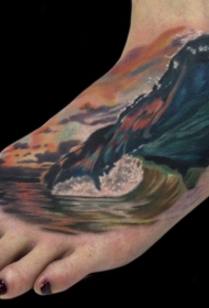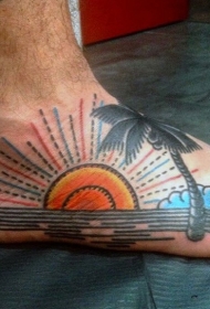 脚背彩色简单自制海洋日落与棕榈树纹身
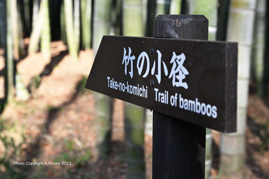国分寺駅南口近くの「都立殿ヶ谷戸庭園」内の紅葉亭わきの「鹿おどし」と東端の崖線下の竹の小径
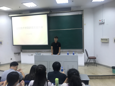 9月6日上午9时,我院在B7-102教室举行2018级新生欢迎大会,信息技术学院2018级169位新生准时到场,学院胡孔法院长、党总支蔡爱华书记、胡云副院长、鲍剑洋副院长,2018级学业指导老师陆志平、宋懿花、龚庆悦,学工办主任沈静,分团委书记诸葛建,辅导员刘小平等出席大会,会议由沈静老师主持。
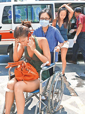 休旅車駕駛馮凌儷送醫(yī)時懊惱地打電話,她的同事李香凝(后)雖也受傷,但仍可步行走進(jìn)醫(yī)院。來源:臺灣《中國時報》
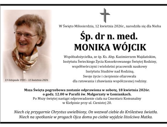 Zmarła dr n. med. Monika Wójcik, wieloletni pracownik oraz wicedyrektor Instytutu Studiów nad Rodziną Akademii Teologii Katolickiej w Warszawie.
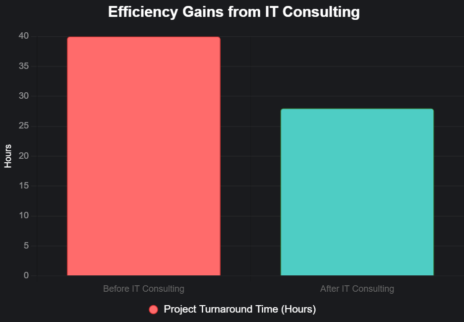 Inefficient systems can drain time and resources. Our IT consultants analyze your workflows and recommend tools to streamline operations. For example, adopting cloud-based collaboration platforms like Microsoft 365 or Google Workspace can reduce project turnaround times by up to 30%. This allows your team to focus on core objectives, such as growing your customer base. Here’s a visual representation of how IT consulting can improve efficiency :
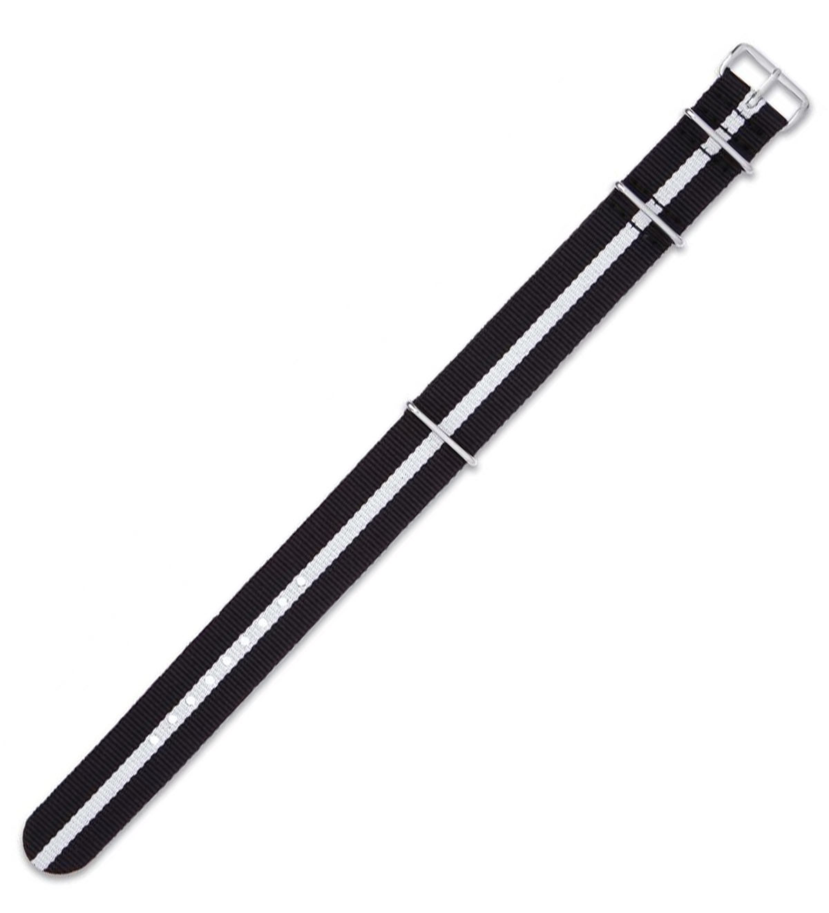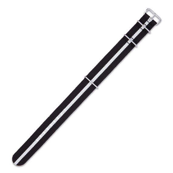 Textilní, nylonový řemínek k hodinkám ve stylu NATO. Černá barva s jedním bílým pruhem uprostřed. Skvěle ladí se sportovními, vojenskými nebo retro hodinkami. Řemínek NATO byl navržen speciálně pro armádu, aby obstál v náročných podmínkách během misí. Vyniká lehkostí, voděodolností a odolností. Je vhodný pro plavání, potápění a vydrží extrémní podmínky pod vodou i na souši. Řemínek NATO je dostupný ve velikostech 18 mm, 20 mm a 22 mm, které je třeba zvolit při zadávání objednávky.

_ _ _

Copy out the lines above in full and unaltered, apart from the pictures.

# Answer to the problem
 脚背彩色简单自制海洋日落与棕榈树纹身
国分寺駅南口近くの「都立殿ヶ谷戸庭園」内の紅葉亭わきの「鹿おどし」と東端の崖線下の竹の小径
 9月6日上午9时,我院在B7-102教室举行2018级新生欢迎大会,信息技术学院2018级169位新生准时到场,学院胡孔法院长、党总支蔡爱华书记、胡云副院长、鲍剑洋副院长,2018级学业指导老师陆志平、宋懿花、龚庆悦,学工办主任沈静,分团委书记诸葛建,辅导员刘小平等出席大会,会议由沈静老师主持。
 休旅車駕駛馮凌儷送醫(yī)時懊惱地打電話,她的同事李香凝(后)雖也受傷,但仍可步行走進(jìn)醫(yī)院。來源:臺灣《中國時報》
 Zmarła dr n. med. Monika Wójcik, wieloletni pracownik oraz wicedyrektor Instytutu Studiów nad Rodziną Akademii Teologii Katolickiej w Warszawie.
 Inefficient systems can drain time and resources. Our IT consultants analyze your workflows and recommend tools to streamline operations. For example, adopting cloud-based collaboration platforms like Microsoft 365 or Google Workspace can reduce project turnaround times by up to 30%. This allows your team to focus on core objectives, such as growing your customer base. Here’s a visual representation of how IT consulting can improve efficiency :
 Textilní, nylonový řemínek k hodinkám ve stylu NATO. Černá barva s jedním bílým pruhem uprostřed. Skvěle ladí se sportovními, vojenskými nebo retro hodinkami. Řemínek NATO byl navržen speciálně pro armádu, aby obstál v náročných podmínkách během misí. Vyniká lehkostí, voděodolností a odolností. Je vhodný pro plavání, potápění a vydrží extrémní podmínky pod vodou i na souši. Řemínek NATO je dostupný ve velikostech 18 mm, 20 mm a 22 mm, které je třeba zvolit při zadávání objednávky.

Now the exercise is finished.